Were you issued a PKI Card and instructions on how to use it with this laptop?


----------



## catalyst (27 Jun 2010)

Yup - logged on, did everything, got shown how to use the PKI card and the DVPNI on shaw but before we did the DVPNI login it was plugged into the DWAN port and worked.


----------



## George Wallace (27 Jun 2010)

You are probably good to go.  You can always give it a try now before going.


----------



## Occam (27 Jun 2010)

ArmySailor said:
			
		

> Question from the un-dwan initaited,
> 
> I was given a DWAN laptop for use while on TD. The laptop is from Esq and I am at 19 Wing...............can I plug it into a 19 wing dwan port and will it work?  or will I just have to rely on hopefully getting internet installed in my barrack block and using DVPNI?
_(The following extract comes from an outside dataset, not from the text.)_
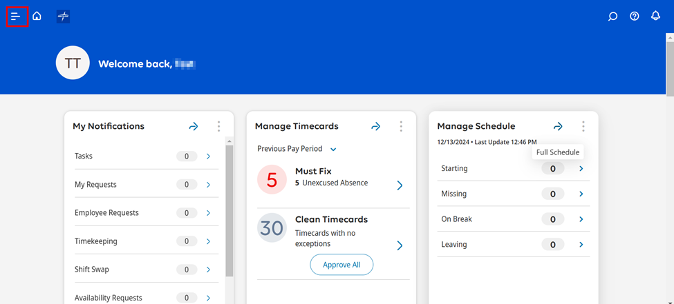 - Click on the Menu option present on the top left corner of the home page as highlighted in the below screenshot.

If the network administrators are doing their job correctly, any unused DWAN drops should be disconnected at the network switch, or have the network switch port shut down.  That said, a quick call to the 19 Wing Help Desk with asset number of the laptop you have, along with the desired port that you want to use to connect to the DWAN will probably get you hooked up.



			
				George Wallace said:
			
		

> It may depend on how the computer was imaged, and how long ago.  Did you logon before leaving the Island?
> 
> You will not be able to logon to the internet in the shack with this laptop.  It can only logon to the intranet.
> 
> Were you issued a PKI Card and instructions on how to use it with this laptop?



The yellow part isn't true, George.  A DWAN laptop can connect to the DWAN via the Internet using software (installed on all DWAN computers) called DVPNI, which requires a PKI card and some setup prior to the member being deployed, ie. the user has to logon using PKI/Entrust at least once on the DWAN prior to making a connection attempt using DVPNI.


----------



## catalyst (27 Jun 2010)

Good to know - I'll call wing TIS tommrow when I clear into the gliding school........I tried plugging it into a dwan port that was 'active' but it still didn't work


----------



## Occam (27 Jun 2010)

ArmySailor said:
			
		

> Good to know - I'll call wing TIS tommrow when I clear into the gliding school........I tried plugging it into a dwan port that was 'active' but it still didn't work



If the computer name (ESQ-XXX-L123456) isn't registered under the 19 Wing Active Directory OU, then it won't be allowed to connect to the domain.  The Help Desk will fix you up.


----------